If you buy a home at an inflated price stemming from high demand and low supply, your home could be needlessly expensive. You might have a hard time selling the home if the value falls in the future. You could be in a situation where you owe more than it’s currently worth.

While that’s a very real fear, there’s no way to know for sure if we’re in an actual bubble, and if so, no one knows when it will burst. Rising prices aren’t a reason in and of themselves not to buy a home, but you need to make sure you’re in a financially comfortable position with a reliable income and a healthy emergency fund.

Think About Your Future Plans

If you’re buying a long-term home, and it’s one you plan to live in for the foreseeable future, your perspective is going to be different than if you’re buying a home to live in for a shorter time. If you think you might only live in a home for a few years, buying at the top of the market can be a big financial risk.

If you’re buying your forever home, you’re looking primarily for a place to live rather than an investment. You do have to weigh out your goals and plans, and they’re going to vary for every buyer, and what’s right for you at any given time isn’t going to be right for every other buyer.

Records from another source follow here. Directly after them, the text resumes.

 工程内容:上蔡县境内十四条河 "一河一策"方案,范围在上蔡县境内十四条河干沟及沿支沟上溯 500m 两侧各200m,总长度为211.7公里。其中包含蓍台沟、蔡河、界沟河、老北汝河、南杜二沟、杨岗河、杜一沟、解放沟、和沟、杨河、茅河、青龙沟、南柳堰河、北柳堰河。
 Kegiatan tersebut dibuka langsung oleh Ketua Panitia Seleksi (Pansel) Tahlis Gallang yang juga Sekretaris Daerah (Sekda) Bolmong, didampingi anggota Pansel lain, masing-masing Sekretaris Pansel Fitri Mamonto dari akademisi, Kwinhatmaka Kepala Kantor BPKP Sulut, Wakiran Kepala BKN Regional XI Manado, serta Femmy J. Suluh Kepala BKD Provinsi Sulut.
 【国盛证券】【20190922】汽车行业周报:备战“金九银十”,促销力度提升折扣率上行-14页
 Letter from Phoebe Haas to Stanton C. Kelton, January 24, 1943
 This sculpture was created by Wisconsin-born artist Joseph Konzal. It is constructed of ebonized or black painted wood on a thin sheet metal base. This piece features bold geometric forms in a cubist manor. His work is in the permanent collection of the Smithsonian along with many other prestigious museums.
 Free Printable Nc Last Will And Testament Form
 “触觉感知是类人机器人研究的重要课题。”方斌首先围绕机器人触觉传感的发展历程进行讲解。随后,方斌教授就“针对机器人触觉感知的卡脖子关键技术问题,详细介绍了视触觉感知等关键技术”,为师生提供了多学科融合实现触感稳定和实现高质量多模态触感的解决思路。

What is Your Financial Situation?

Finally, before buying a house at the top of the market or otherwise, you have to think about your financial situation. We touched on this a bit above.

Is there a risk that your job and income could be affected if there were a recession? If so, you might want to rethink buying in a hot market. Do you have an emergency fund if something were to happen? How big is that emergency fund?

People often think that it’s inherently a bad time to buy a home just because the market is hot, and the reality is that it can just as easily be a bad time to buy when the market is down, depending on what’s happening in your own life.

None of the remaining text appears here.